After extensive treatments, Abby started feeling better. She even rode a bike, played soccer, and went to school regularly. But around a year later, the cancer returned. This time, it was even more aggressive than the first time. All of a sudden, Abby lost the ability to walk.
“As hard as that first diagnosis was, this one tested every ounce of our being,” Patty recalled. “She became completely immobile, any movement hurt her and she hardly spoke.”
The girl was forced to undergo another bone marrow transplant, but this time, her body didn’t accept the donated marrow and she was diagnosed with Graft versus host disease (GvHD), a condition that might occur after an allogeneic transplant. In GvHD, the donated bone marrow or peripheral blood stem cells view the recipient’s body as foreign and attack it. This led to kidney failure and Abby was put on dialysis.

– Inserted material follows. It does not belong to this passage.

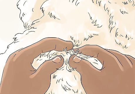 Detangle pet fur. If your pet has long or thick fur, check daily for any debris stuck in the coat, tangles, or mats and remove these carefully. If your pet has shorter hair, you’re likely to see these items and be able to easily pluck them from the coat. Take a few minutes to run your hands through your dog's coat from head to tail. You're looking for burs, matted hair, sticks or debris, bugs and ticks, or any other foreign item your dog's coat has acquired.
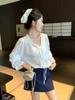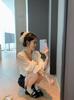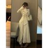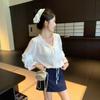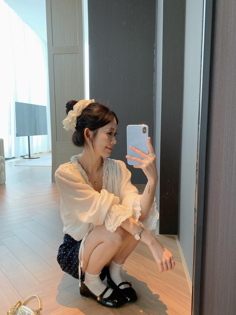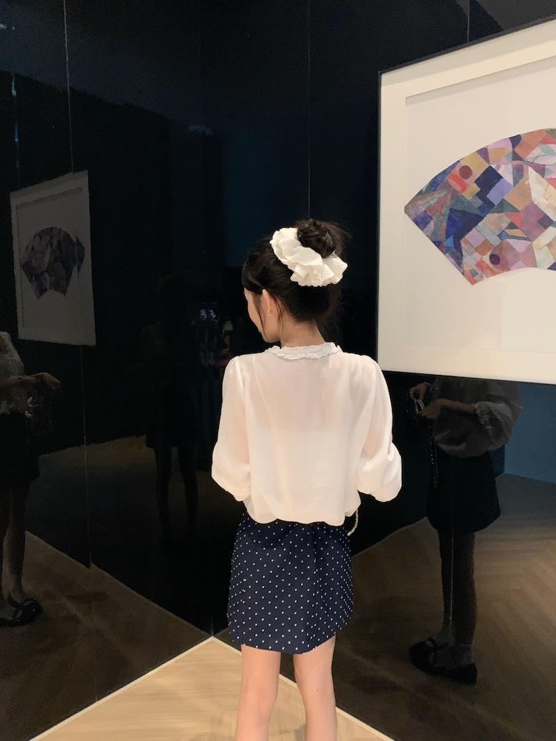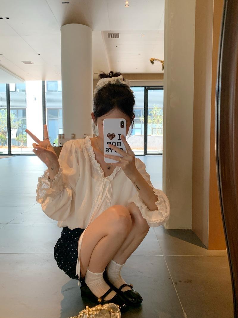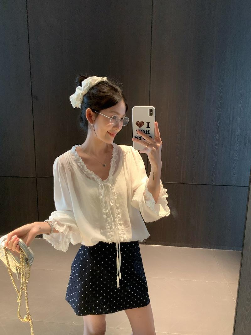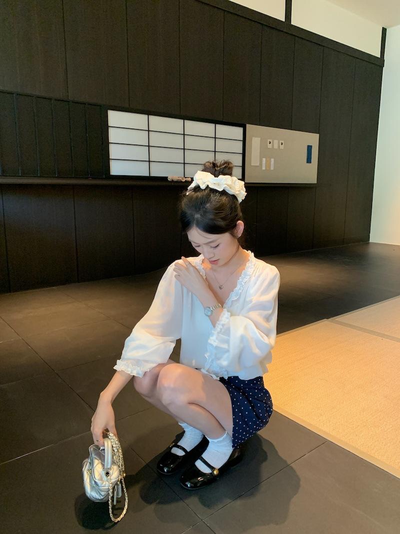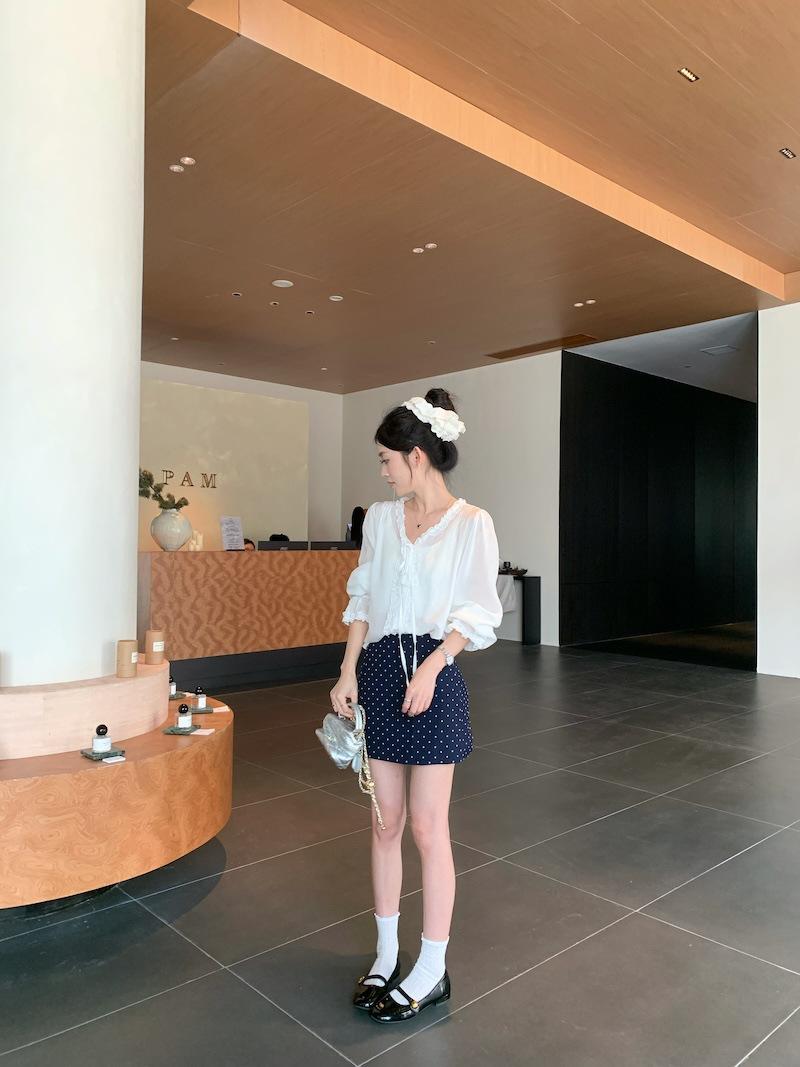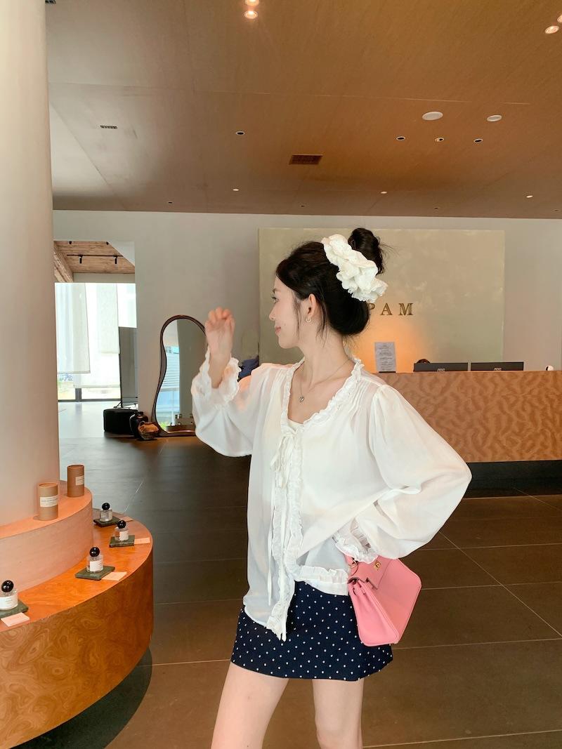 Conjunto Pequeño Estilo Coreano de Tiro Real Camisa con Volantes y Cuello en V Falda Midi de Lunares Conjunto Exquisito de Dos Piezas Súper Atractivo Ropa de Mujer

Her parents were told that there was nothing that could be done and that the time had come for their girl to be let go.
“Doctors told us it was time to let her go, she was only awake for like an hour each day,” Patty said. “We began preparing our other daughters for her death.”
Abby was placed in hospice and her heartbroken mom and dad were even told to consider planning her funeral.
However, just as everyone gathered around her to say that final goodbye, Abby opened her eyes and said something that left everyone speechless.
“She told us, ‘I have so much living to do,’” Patty recalled.
“We couldn’t believe it,” she added, “in a matter of days, weeks, months she started walking and getting stronger. It’s an absolute miracle.”
Abby’s sudden recovery couldn’t be medically explained. It left doctors puzzled. They didn’t have answers, and Abby’s parents didn’t look for any, all they cared for was that their girl didn’t die.
“We helped her get home on hospice. But when we started backing off, taking away treatments so she wasn’t on so many meds, she started getting better all on her own,” Abby’s doctor, pediatric hematologist and oncologist Jacob Wessler, said.
“She’s had ups and downs, but if she continues on this path, she is going to make us all look like fools!” he added. “She’s defied every single odd.”
No one really knows what the future will bring, but for now, Abby is in good health and thriving. She is in remission and receives IV steroids twice a day.
“We watched her die and come back to life,” Patty said. “Now we’re looking to the future.”